Task material:

-- Opening Marker --

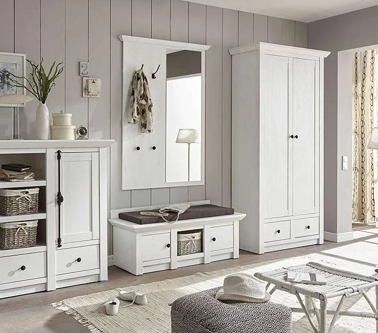 Набор мебели для просторной прихожей в белом окрасе. Центральное место занимает длинный комод для хранения обуви с мягким сиденьем. Вешалка прихожей имеет зеркало высотой 3/4 человеческого роста. Вместительный двустворчатый шкаф в узком корпусе и с карнизом имеет распашные двери и выдвижные ящики в классическом стиле. Высокий комод имеет две секции. Одна с открытыми полками, вторая с глухой дверью. Также имеются два выдвижных ящика. Корпус мебели изготовлен из древесноволокнистой плиты в шпоне, двери из массива дуба.
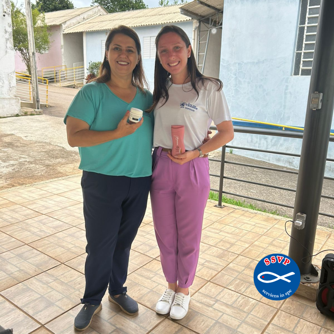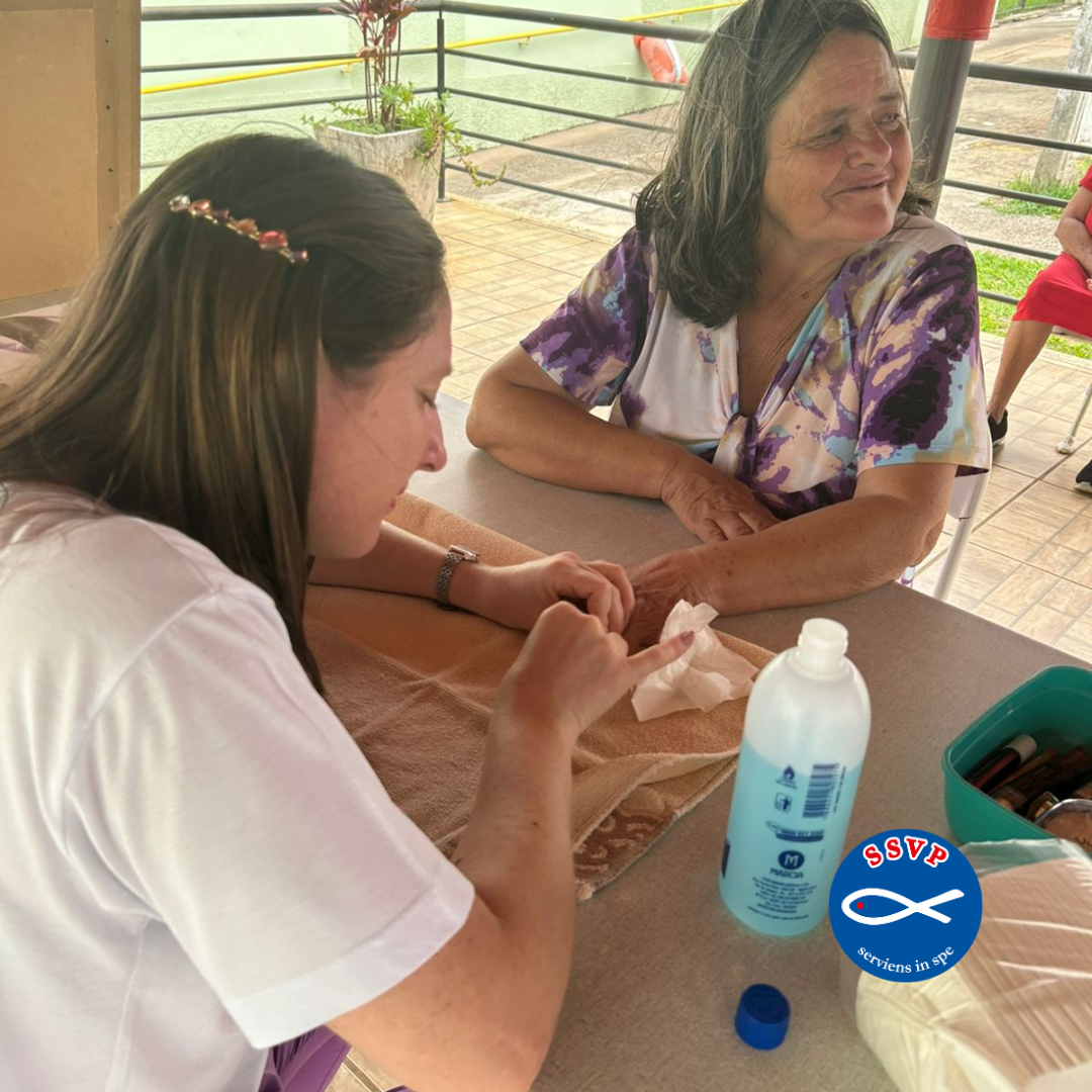 A equipe de saúde — fisioterapeuta e enfermeira — conduziu uma atividade dedicada ao autocuidado, com conversa orientada e atendimentos individuais, como hidratação da pele, cuidados com as unhas e com os cabelos.
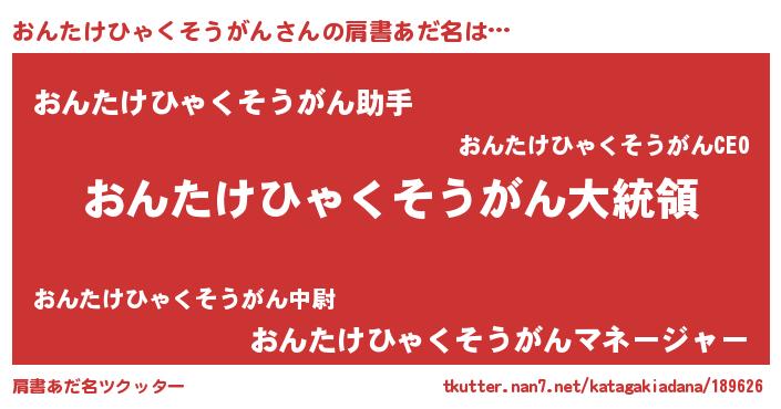 | 意味不明あだ名 | 『おんたけひゃくそうがんフォーエバー』 |
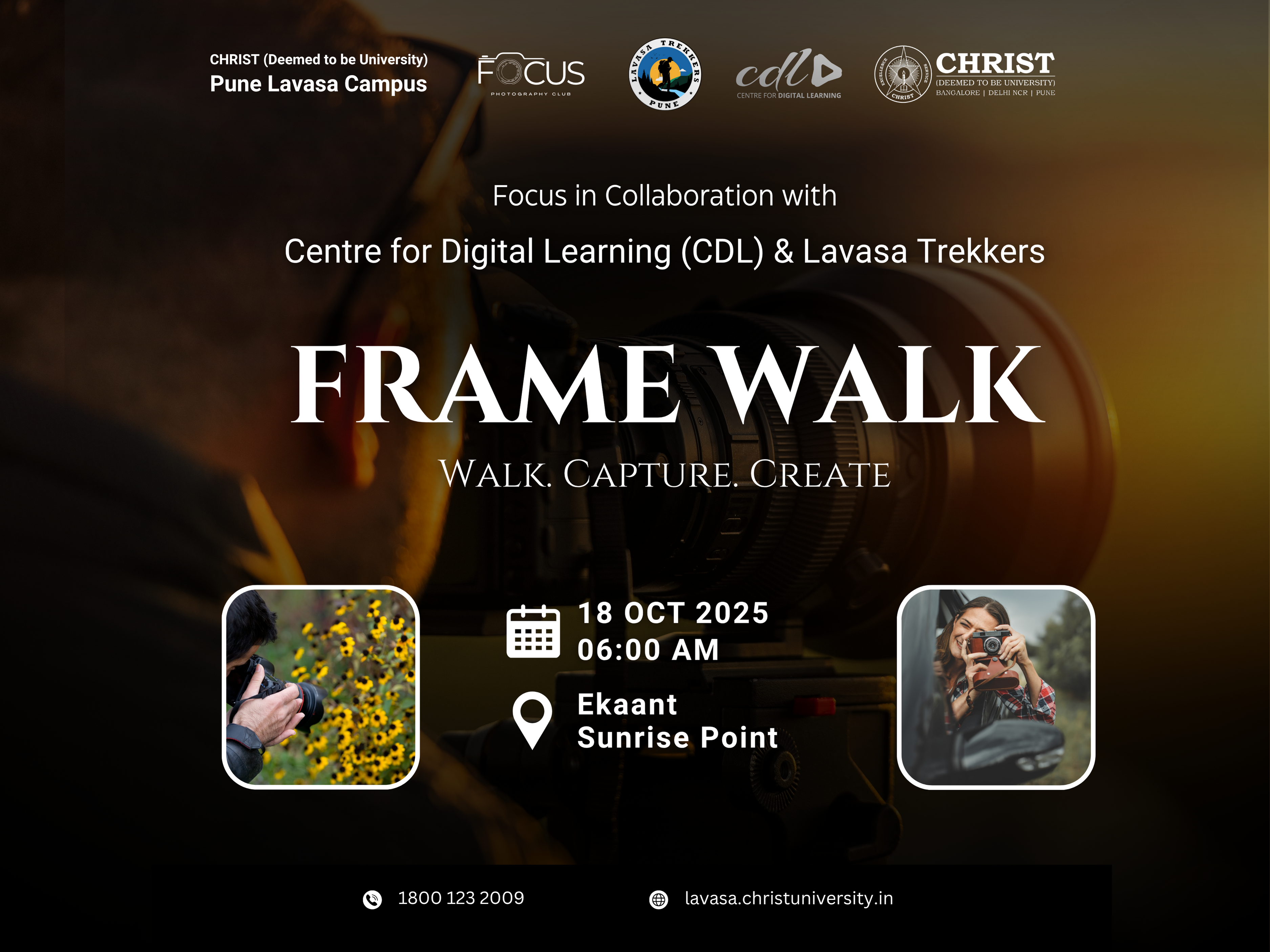 Focus, the Photography Club of CHRIST (Deemed to be University), Pune Lavasa Campus, in collaboration with the Centre for Digital Learning (CDL) and Lavasa Trekkers, presents Frame Walk—an immersive photography experience that blends creativity, exploration, and storytelling. Scheduled for 18 October 2025 at 6:00 AM at Ekaant Sunrise Point, this event invites participants to discover the art of capturing nature through a fresh lens. The walk offers an opportunity to explore scenic landscapes, experiment with light and composition, and enhance one’s visual storytelling skills in a serene outdoor setting. Whether you are a photography enthusiast or a nature lover, Frame Walk encourages you to pause, observe, and create meaningful frames that reflect your unique perspective. Join us for a morning of creativity, connection, and inspiration amidst Lavasa’s natural beauty.
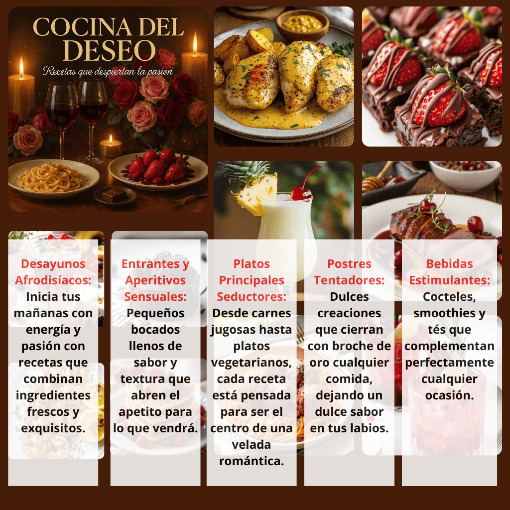 📕 Un recetario digital único con 50 recetas afrodisíacas cuidadosamente seleccionadas para sorprender, conquistar y encender los sentidos.
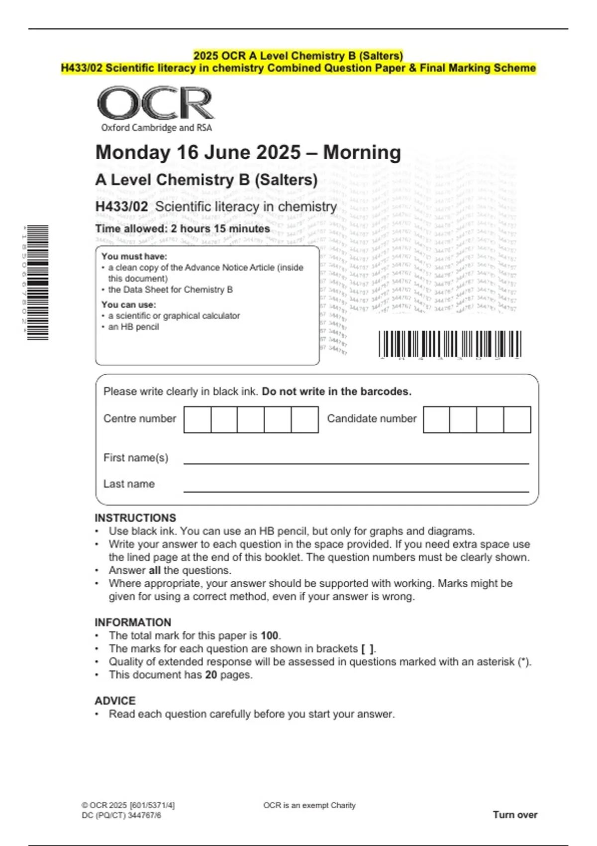 H433/02 Scientific literacy in chemistry Combined Question Paper & Final Marking Scheme

-- Closing Marker --

What to work on: Only the lines from the one containing "encender los sentidos." through the last line of the material should be returned, exactly and without pictures.

Expected answer:
 📕 Un recetario digital único con 50 recetas afrodisíacas cuidadosamente seleccionadas para sorprender, conquistar y encender los sentidos.
 H433/02 Scientific literacy in chemistry Combined Question Paper & Final Marking Scheme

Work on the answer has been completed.